Despite McNeill's reservations, the relativist, or “social constructionist,” ap­proach, which increasingly viewed disease as an endogenous phenomenon arising solely out of factors intrinsic to the society or culture in which it occurs, became more popular among historians, particularly during the 1980s; for it was at that time that the emerging AIDS pandemic seemed to be a perfect illustration of how a disease can be a function of socially risky behaviors.31 Indeed, one historian in this school goes so far as to suggest, perhaps facetiously, that one day harmless skin freckles may be deemed unsightly enough to be classified as a disease, complete with a “National Institute of Freckle Research” devoted to eradicating them.32 However, if one goes to extremes with such an argument, one wonders what historical statements, if any, can be made about disease, if the very definition of the term is subject to such speculation. It seems that McNeill was right to insist upon a commonsense foundation from which to start a discussion.

McNeill's other contribution comes at the end of his book, where he specu­lates about the future of disease history. Despite the fact that Plagues and Peoples came out at the very same time that the World Health Organization was success­fully eradicating smallpox, and in stark contrast to traditional views of medical historians that foresaw an “end to epidemics,” McNeill concludes that infectious disease will remain an inseparable part of the history of humanity, indeed, for as long as humanity itself continues to exist. Ironically, he sees the very success of medical treatments of disease as only contributing to its perpetuation. A good example is the rash of polio infections that broke out among even the higher classes of American society in the mid-twentieth century, a circumstance attrib­utable, McNeill insists, to the higher standards of hygiene that wiped out minor infections among children, which earlier had conferred some immunity to more serious, full-blown infections.33 In a new preface written in 1997 to take account of the current AIDS pandemic, McNeill maintained his pessimistic view of hu­mankind's ability to “conquer” disease, citing the worldwide AIDS crisis as just one more example of how the global transmission of disease was only accelerat­ing the biological evolution and adaptation of microorganisms to their hosts.34 The efforts of humanity—the “macroparasite”—to wipe out disease were upset­ting the natural balance and, as recent disease history made clear, was only mak­ing things worse, not better. This gloomy perspective has been taken up by a host of far less restrained authors who peddle an alarmist, even apocalyptic, scenario where disease in the end conquers humankind, not the other way around.35

On a very basic level, one can both agree and disagree with McNeill's thesis that disease has played a central role in human history.
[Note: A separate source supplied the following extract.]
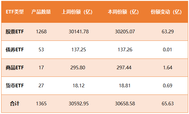 再来看本周ETF市场的动态,截至12月05日,全市场共有1365只ETF跟踪471只指数(未统计货币类),场内流动基金份额30658.58亿份,相比上周增加65.63亿份,详细数据如下图所示:

It seems an intuitive fact that most people who die a “natural death” do so as the result of some disease or other, rather than being blessed with the good fortune of dying of extreme old age, when the cells of the body simply cease to divide and function. In this re­gard, disease is almost as ubiquitous as death in terms of its presence and impor­tance in our everyday lives. Yet, one could also argue that the very fact that populations around the globe are increasing in number, and have done so at varying rates of propagation throughout history, prove that human fortunes are rarely dictated or limited by disease and its consequent mortality. Instead, one might counter that it is restrictions on reproductive capacity (aside from disease) that have played the greater role in the course of human development, such as the availability of food and other material resources that, from a Malthusian point of view, are forever locked with population in a struggle to achieve equi­librium or balance.36 In a way, McNeill has sidestepped this whole conundrum by only focusing on large-scale, global pandemics of disease, whose mortalities posed extraordinary challenges to civilizations. His example, by necessity, will be followed in this book.
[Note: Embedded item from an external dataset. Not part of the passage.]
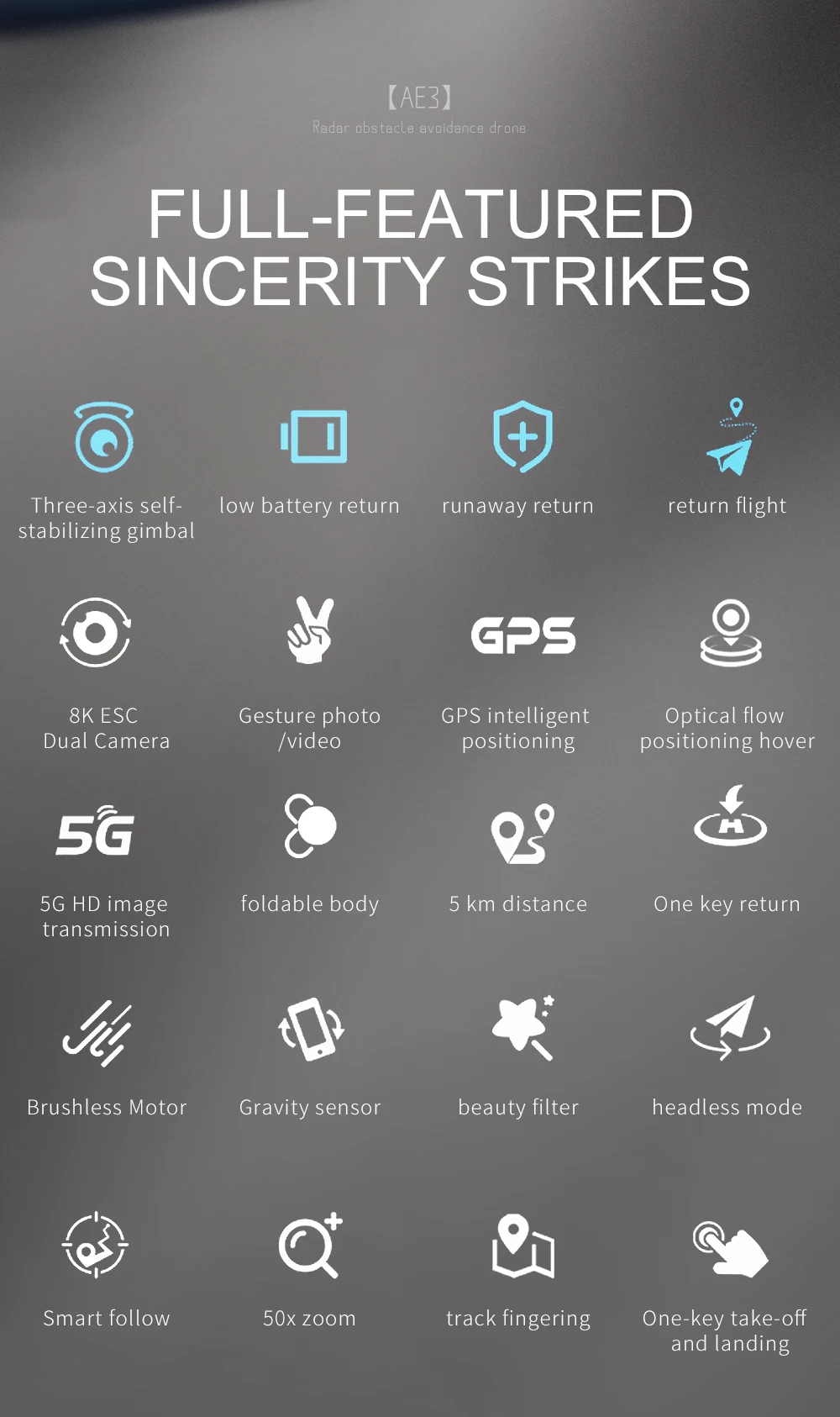 ①Our drones are very comprehensive, including all the functions on the market. We have everything you want!

Nonetheless, even within McNeill's more specialized construct, his thesis has been attacked on two other fronts by revisionist scholars of disease. One group has made the case that disease does not act on its own when impacting human history; rather, it wreaks its devastation only in conjunction with other historical forces, such as the oppressive policies of colonialist/imperialist powers that inten­sify disease's morbidity and mortality.37 This is true despite the fact that in some cases colonial powers believed they were acting in the best interests of their native subjects, such as by imposing Western standards of hygiene and medicine upon long-standing traditions of healing and customary responses to disease. Native resistance to high-handed health measures—such as hospitalization, isolation of contacts, disinfection, and quarantine—could effectively blunt their intended benefits. Given that, in some places, such as the Americas or the Pacific Islands, the sheer mortalities of imported diseases assuredly outweighed any medical blessings imperialism supposedly bestowed upon a conquered people, even when the benefits of modern medicine had material effect, imperialism could still amplify disease's impact since these same benefits also allowed Western soldiers and colonists to intrude longer and more deeply into previously inhospitable areas.38 All this implies that McNeill had accorded an overmighty role to disease on the stage of history, which now should give way to a more nuanced, complex interplay with other factors.
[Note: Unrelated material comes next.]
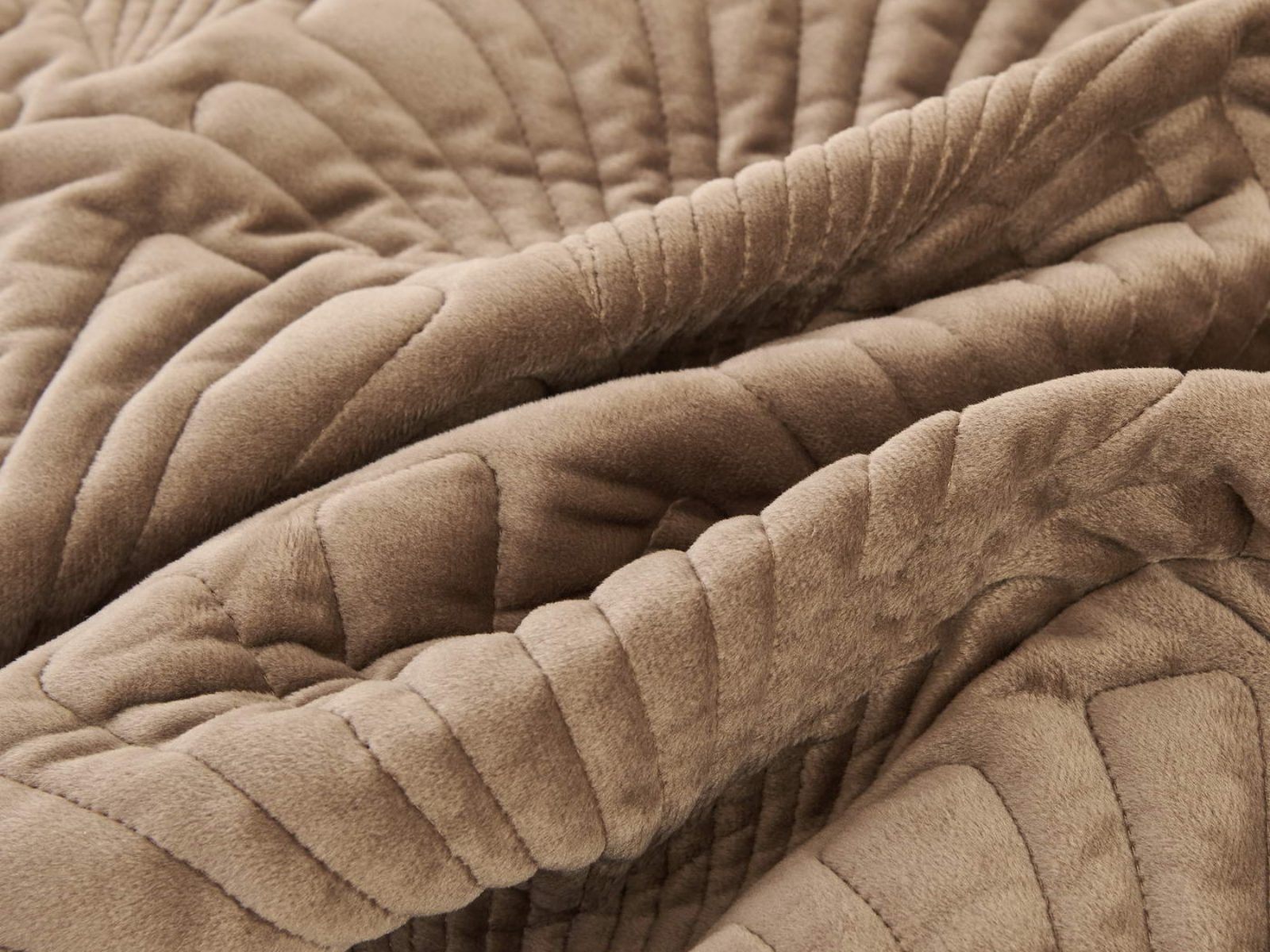 Роскошное велюровое покрывало Ариэль станет изюминкой любого интерьера, ведь оно потрясающе выглядит и приятное на ощупь. Обратите внимание на стежку покрывала – она выполнена в виде ракушек с эффектом 3D. Из-за особого плетения, велюровая ткань покрывала отражает свет и красиво переливается при различном освещении.

Yet another contingent of historians besieged McNeill's edifice on the grounds that he was too consistently negative about the impacts of disease upon its victims. Instead, it could be argued that disease brought some benefits for certain elements of society, who might even welcome its arrival among them. This debate has been played out especially with respect to the Black Death in Europe during the late Middle Ages. McNeill claimed that the ravages of the Black Death, whose mortal­ity in Europe during its first outbreak in the mid-fourteenth century was as high as 50 percent on average, instilled a “fatalistic” or even “suicidal” mentality upon the collective consciousness of Europeans.39 But more recent scholars of the Black Death have argued that it set in train necessary “transformations” in many areas of medieval society, including ushering in a more capitalistic-based economic system, new technologies such as the caravel and the printing press, a more empirical ap­proach to science and medicine, and even the Renaissance and Reformation with their greater emphasis on individual portraiture and piety.40 Not even McNeill's classic case study of “virgin soil” American populations wiped out during the colo­nial period was immune from this argument, for some native groups, such as the Tlaxcala people of Mexico, actually benefited from the decimation of their rivals and overlords, chiefly the Mexica, on Lake Texcoco.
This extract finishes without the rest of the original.